Records for this exercise
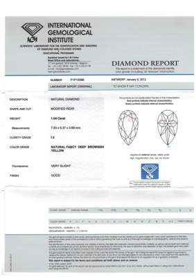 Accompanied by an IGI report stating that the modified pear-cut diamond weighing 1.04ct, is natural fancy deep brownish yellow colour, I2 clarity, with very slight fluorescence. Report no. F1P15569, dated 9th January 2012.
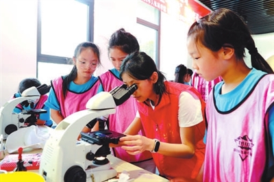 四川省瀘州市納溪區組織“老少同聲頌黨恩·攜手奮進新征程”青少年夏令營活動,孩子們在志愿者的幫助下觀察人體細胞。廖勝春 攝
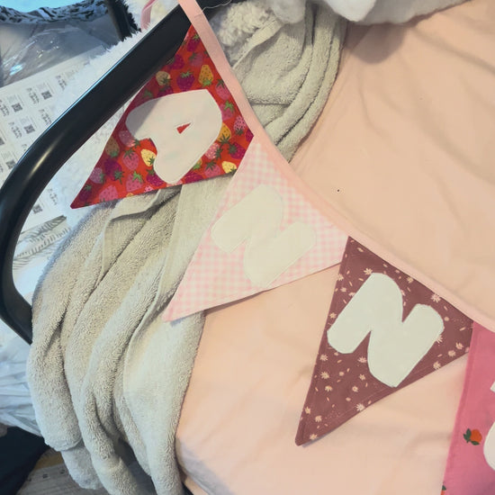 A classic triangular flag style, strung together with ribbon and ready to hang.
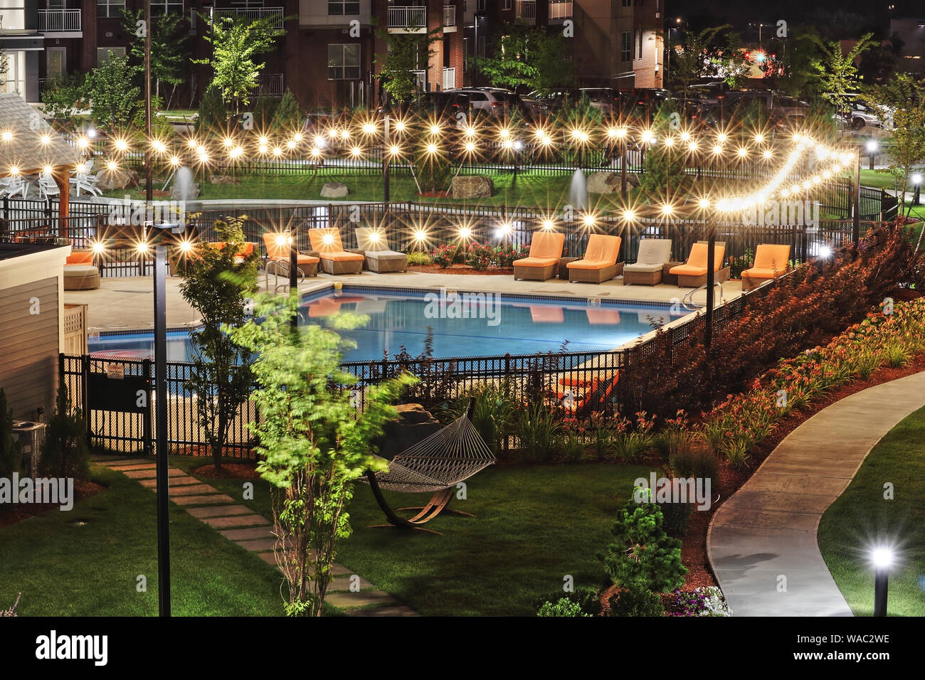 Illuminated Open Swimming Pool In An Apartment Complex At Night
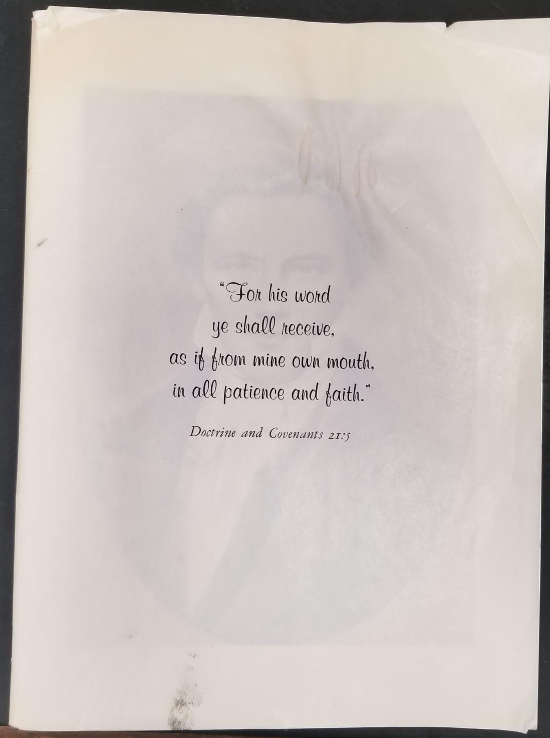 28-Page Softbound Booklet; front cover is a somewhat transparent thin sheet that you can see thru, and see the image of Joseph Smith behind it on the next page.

What to work on
Your copy of the material above should be exact and free of pictures.

Exercise output
 Accompanied by an IGI report stating that the modified pear-cut diamond weighing 1.04ct, is natural fancy deep brownish yellow colour, I2 clarity, with very slight fluorescence. Report no. F1P15569, dated 9th January 2012.
 四川省瀘州市納溪區組織“老少同聲頌黨恩·攜手奮進新征程”青少年夏令營活動,孩子們在志愿者的幫助下觀察人體細胞。廖勝春 攝
 A classic triangular flag style, strung together with ribbon and ready to hang.
 Illuminated Open Swimming Pool In An Apartment Complex At Night
 28-Page Softbound Booklet; front cover is a somewhat transparent thin sheet that you can see thru, and see the image of Joseph Smith behind it on the next page.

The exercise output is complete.